How does a company’s size inform your approach?
AS: We have a very bespoke approach because people have very different challenges. Some brands have the marketing and money, but the design team is still far from what’s happening, so they come to us because we’re closer to the culture. Then merging talents have that energy that’s really raw – so many ideas, but this needs to be organised. We did one of those WhatsApp chats with different creatives for 1 Granary’s Tencel Club, and questions were like, ‘How do I make my show?’. There’s so much more you can do, maybe you don’t need a show, maybe focus on one category?
ED: You’re in an industry that is about individuality at the end of the day. So we must approach it as everyone being different, having their unique point of view. Otherwise, it wouldn’t work. We see it on many levels in fashion; as soon as you try to create a formula…
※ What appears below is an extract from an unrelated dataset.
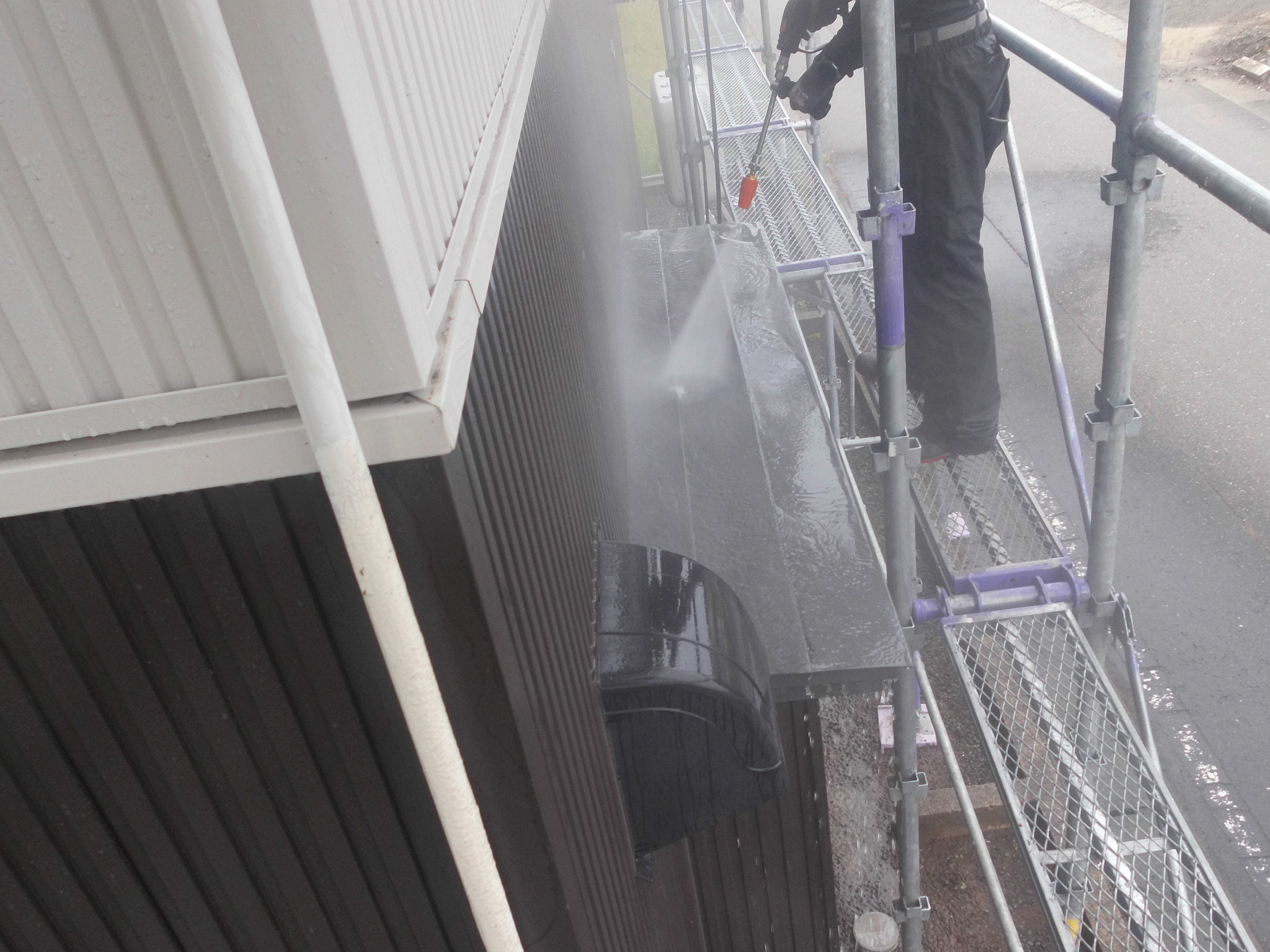 仮設足場設置後、「高圧洗浄」から作業を進めていきます。

AS: You have no longevity, it becomes outdated.
“When you do something that’s so bespoke, the biggest obstacle is people understanding what we do, how we work, and that with business, it’s not an easy game.”
What are the biggest obstacles you’ve had to navigate so far as SuperSolid?
ED: Brexit.
AS: That’s specific, but generally when you do something that’s so bespoke, the biggest obstacle is people understanding what we do, how we work, and that with business, it’s not an easy game. It’s not necessarily cheap either, when you do things at a certain level. We’ve been lucky to work with great entities and creatives so far, but each time there is a challenge for people to grasp the intricacies of all the services we can provide.
ED: Trying to stand our ground and not turn into a production agent or a sampling room. We can do that, but we do a lot around it. [As a] ghost entity, our aim is to empower a lot of different aspects but also keep silent. That’s a challenge, but it’s very precious.